/---

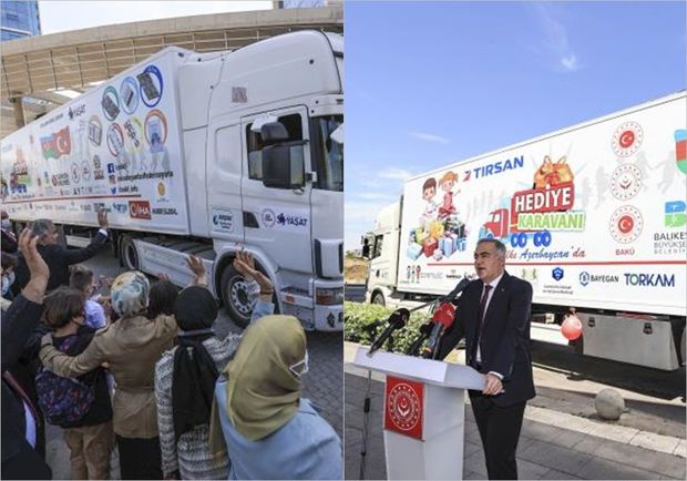 Vətən müharibəsində şəhid olanların və qazilərin övladlarına paylanacaq hədiyyələrlə dolu TIR “Hədiyyə Karvanı Qardaş Ölkə Azərbaycanda” layihəsi çərçivəsində Türkiyənin paytaxtı Ankaradan ölkəmizə yola düşüb.
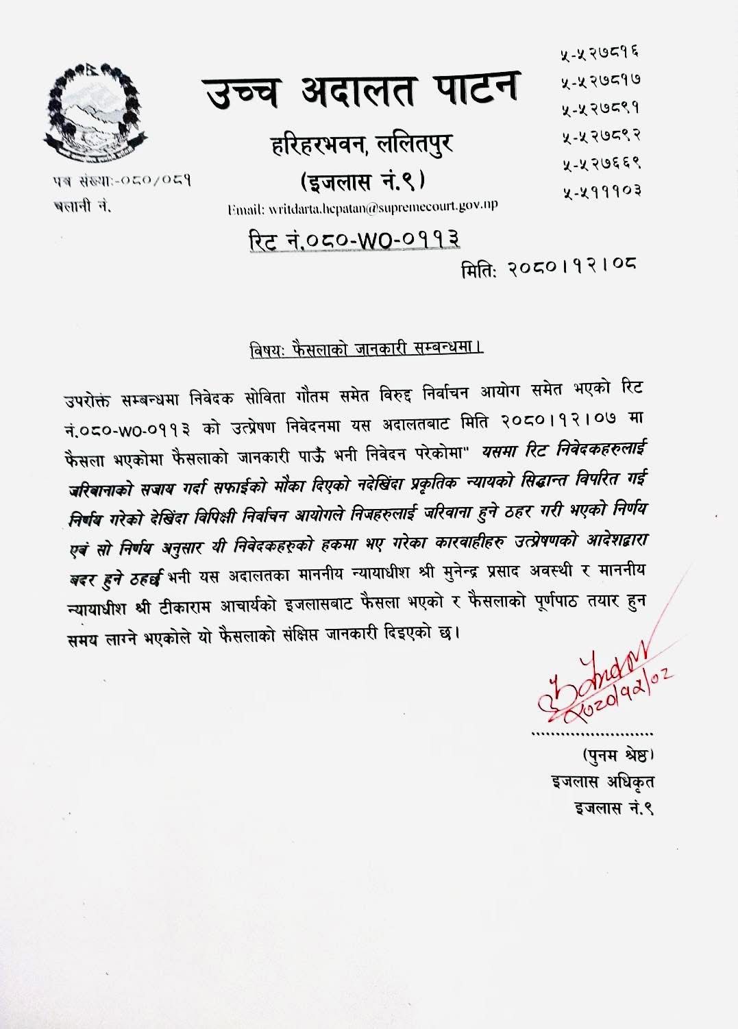 बुधबार दिउँसो सामाजिक संजालमा पोष्ट गर्दै पुर्व सांसद सोभिता गौतमले निर्वाचन आयोगले उमेद्दवार माथि नै राजनिति नगर्न ध्यानार्कषण गरेकि छिन। उनले सामाजिक संजालमा पोष्ट गर्दै लेख्छिन ” निवर्तमान प्रतिनिधी सभा सदस्यहरू म सोबिता गौतम, गणेश पराजुली, शिशिर खनाल र विराज...
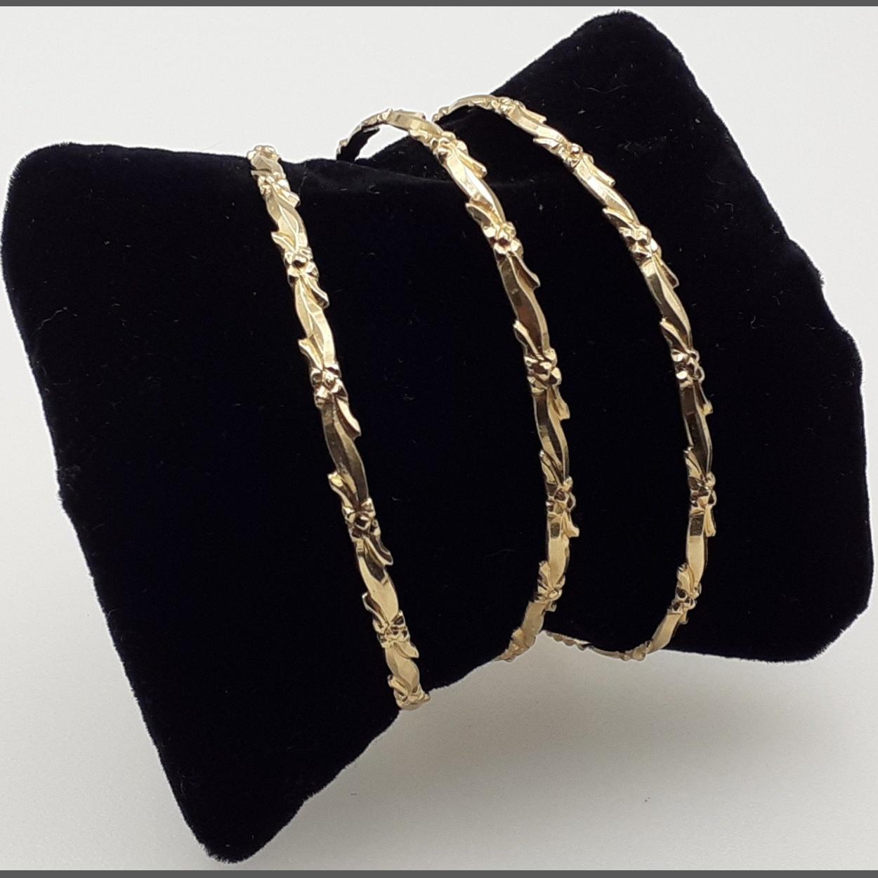 Three unmarked yellow metal bangles. Total gross weight 23g approx. Jeweller tested as 18ct.
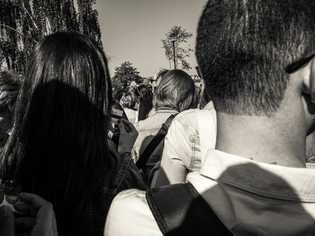 Strasbourg, France - Apr 28, 2019: Rear view of police officers looking at journalists reporting the Yellow Vests protests in Strasbourg a few meters from Council of Europe building black and white
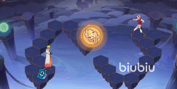 第3關(guān)剛開(kāi)始就需要搖晃一下手機(jī),可以直接觸發(fā)第3關(guān)的彩蛋,獲得隱藏成就。等到格子掉落之后會(huì)看見(jiàn)有三個(gè)不同的道路,此時(shí)繼續(xù)搖晃手機(jī),能夠?qū)⒌貓D中的火格和冰格全部震碎消失。將鳴人移動(dòng)到左側(cè)的時(shí)空卷軸上,此時(shí)可以改變格子的布局。之后按照下圖的指示,將名人鳴人和小櫻移動(dòng)到指定位置就能觸發(fā)戰(zhàn)斗,擊敗boss之后通關(guān)第3關(guān)。
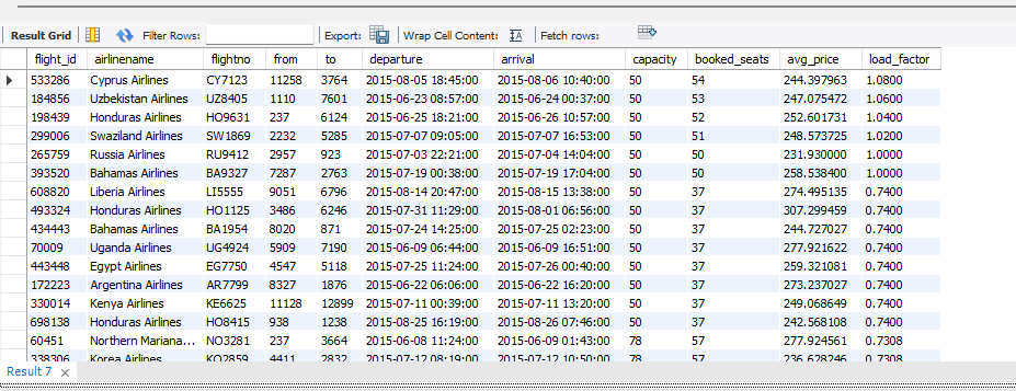 “За утрешниот ден, за секој лет да се прикаже: авиокомпанија, рута, време, капацитет на авион, број резервирани места, load factor (% пополнетост), и просечна цена по резервација. Да се филтрираат само летови што веќе имаат барем 1 резервација и сортирај по највисок load factor.”
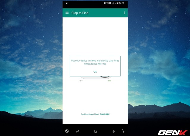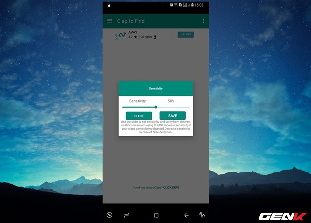 Trường hợp nếu bạn vỗ tay mà thiết bị không hồi đáp, hãy nhấp vào dòng “Could not detect Claps? Click here” để điều chỉnh mức độ nhận diện âm thanh (Sensitivity) của ứng dụng.
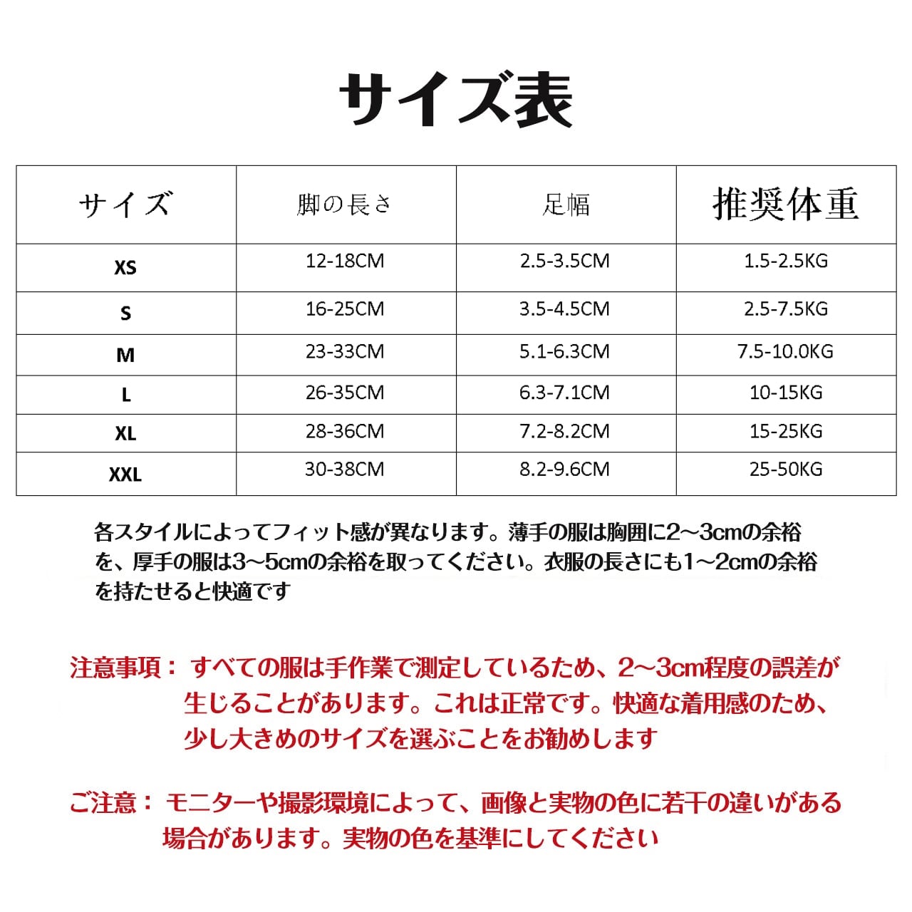 ■ サイズ:お客様のペットの体型に合わせて選べるサイズ展開 ( XS、S、M、L、XL、XXL )
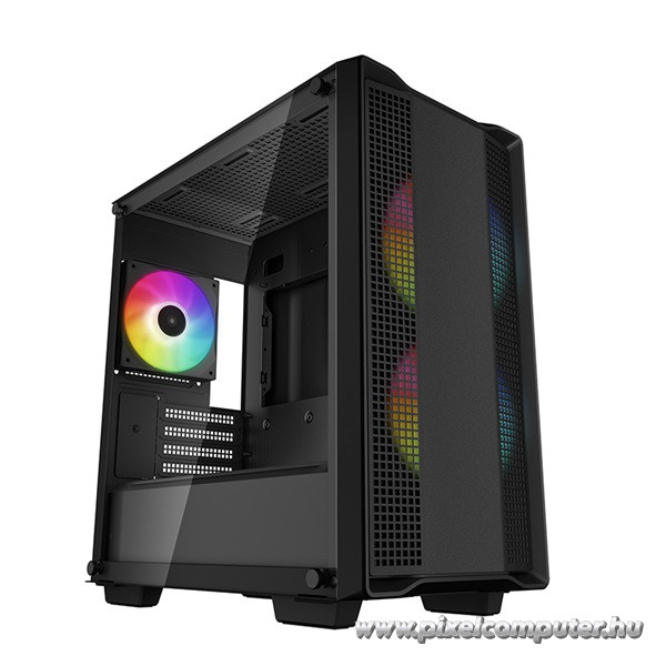 A DeepCool CC360 ARGB ház egyértelműen a stílus és funkcionalitás találkozása. A három előre beszerelt 120 mm-es ARGB ventilátor nemcsak kiváló hűtést biztosít, hanem látványos, testreszabható világítást is ad a rendszerednek. Az edzett üveg oldallap révén a konfigurációd minden részlete megmutatható, legyen szó prémium hűtésről vagy látványos alkatrészekről.
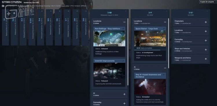 在一般玩家眼里,这个路线图已经足够详、足够规整、充满现代感。这也是一部分玩家对《星际公民》的开发进度充满信心的一个原因——虽然游戏总在跳票,但是通过路线图你可以知道,开发团队并没有闲着。
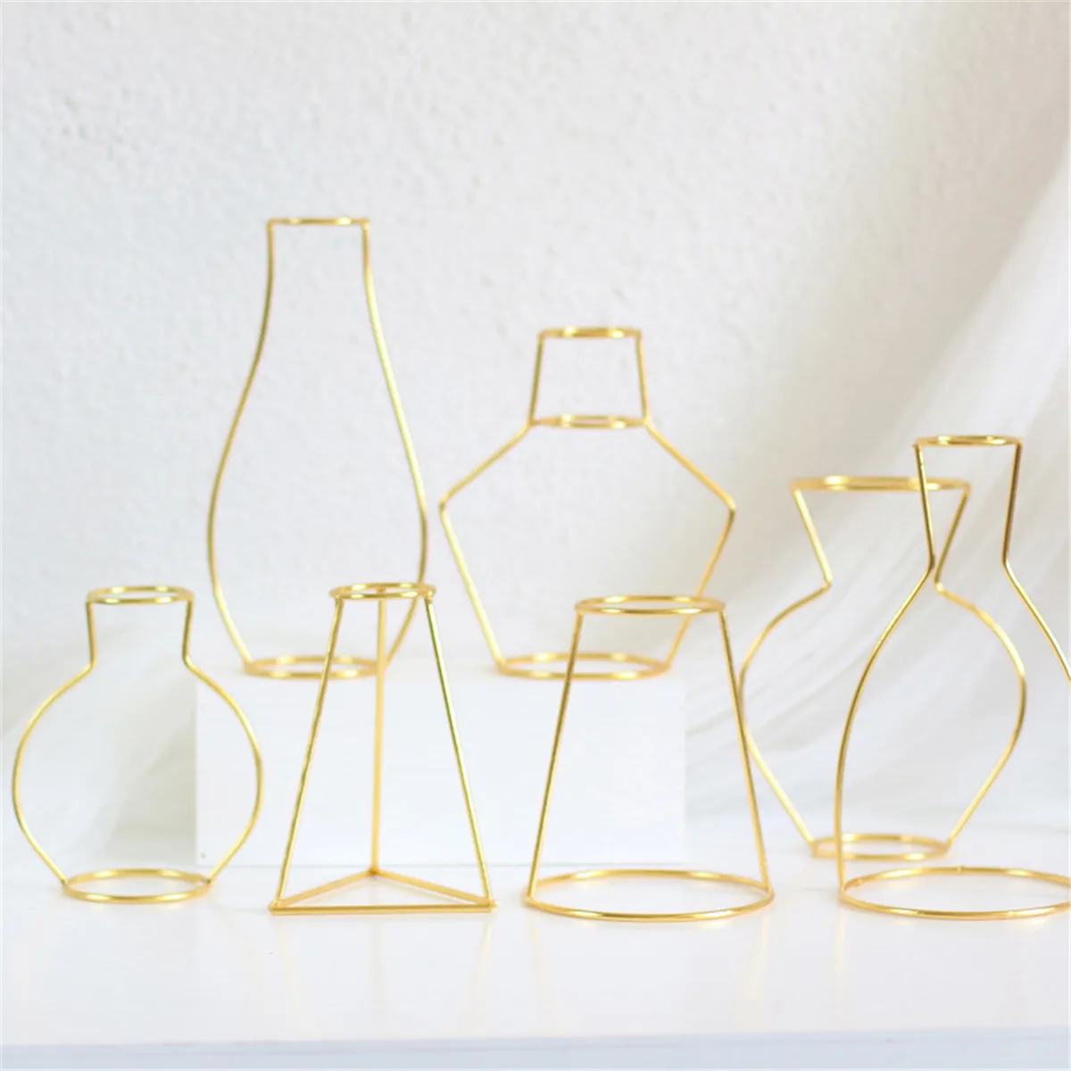 Скандинавские железные вазы с металлическим держателем для растений, золотые железные художественные вазы с проволочным цветком, геометрический декор, металлическая рамка, Современное украшение для дома

\---

Please retype the records above exactly, leaving every image out.

 Vətən müharibəsində şəhid olanların və qazilərin övladlarına paylanacaq hədiyyələrlə dolu TIR “Hədiyyə Karvanı Qardaş Ölkə Azərbaycanda” layihəsi çərçivəsində Türkiyənin paytaxtı Ankaradan ölkəmizə yola düşüb.
 बुधबार दिउँसो सामाजिक संजालमा पोष्ट गर्दै पुर्व सांसद सोभिता गौतमले निर्वाचन आयोगले उमेद्दवार माथि नै राजनिति नगर्न ध्यानार्कषण गरेकि छिन। उनले सामाजिक संजालमा पोष्ट गर्दै लेख्छिन ” निवर्तमान प्रतिनिधी सभा सदस्यहरू म सोबिता गौतम, गणेश पराजुली, शिशिर खनाल र विराज...
 Three unmarked yellow metal bangles. Total gross weight 23g approx. Jeweller tested as 18ct.
 Strasbourg, France - Apr 28, 2019: Rear view of police officers looking at journalists reporting the Yellow Vests protests in Strasbourg a few meters from Council of Europe building black and white
 第3關(guān)剛開(kāi)始就需要搖晃一下手機(jī),可以直接觸發(fā)第3關(guān)的彩蛋,獲得隱藏成就。等到格子掉落之后會(huì)看見(jiàn)有三個(gè)不同的道路,此時(shí)繼續(xù)搖晃手機(jī),能夠?qū)⒌貓D中的火格和冰格全部震碎消失。將鳴人移動(dòng)到左側(cè)的時(shí)空卷軸上,此時(shí)可以改變格子的布局。之后按照下圖的指示,將名人鳴人和小櫻移動(dòng)到指定位置就能觸發(fā)戰(zhàn)斗,擊敗boss之后通關(guān)第3關(guān)。
 “За утрешниот ден, за секој лет да се прикаже: авиокомпанија, рута, време, капацитет на авион, број резервирани места, load factor (% пополнетост), и просечна цена по резервација. Да се филтрираат само летови што веќе имаат барем 1 резервација и сортирај по највисок load factor.”
 Trường hợp nếu bạn vỗ tay mà thiết bị không hồi đáp, hãy nhấp vào dòng “Could not detect Claps? Click here” để điều chỉnh mức độ nhận diện âm thanh (Sensitivity) của ứng dụng.
 ■ サイズ:お客様のペットの体型に合わせて選べるサイズ展開 ( XS、S、M、L、XL、XXL )
 A DeepCool CC360 ARGB ház egyértelműen a stílus és funkcionalitás találkozása. A három előre beszerelt 120 mm-es ARGB ventilátor nemcsak kiváló hűtést biztosít, hanem látványos, testreszabható világítást is ad a rendszerednek. Az edzett üveg oldallap révén a konfigurációd minden részlete megmutatható, legyen szó prémium hűtésről vagy látványos alkatrészekről.
 在一般玩家眼里,这个路线图已经足够详、足够规整、充满现代感。这也是一部分玩家对《星际公民》的开发进度充满信心的一个原因——虽然游戏总在跳票,但是通过路线图你可以知道,开发团队并没有闲着。
 Скандинавские железные вазы с металлическим держателем для растений, золотые железные художественные вазы с проволочным цветком, геометрический декор, металлическая рамка, Современное украшение для дома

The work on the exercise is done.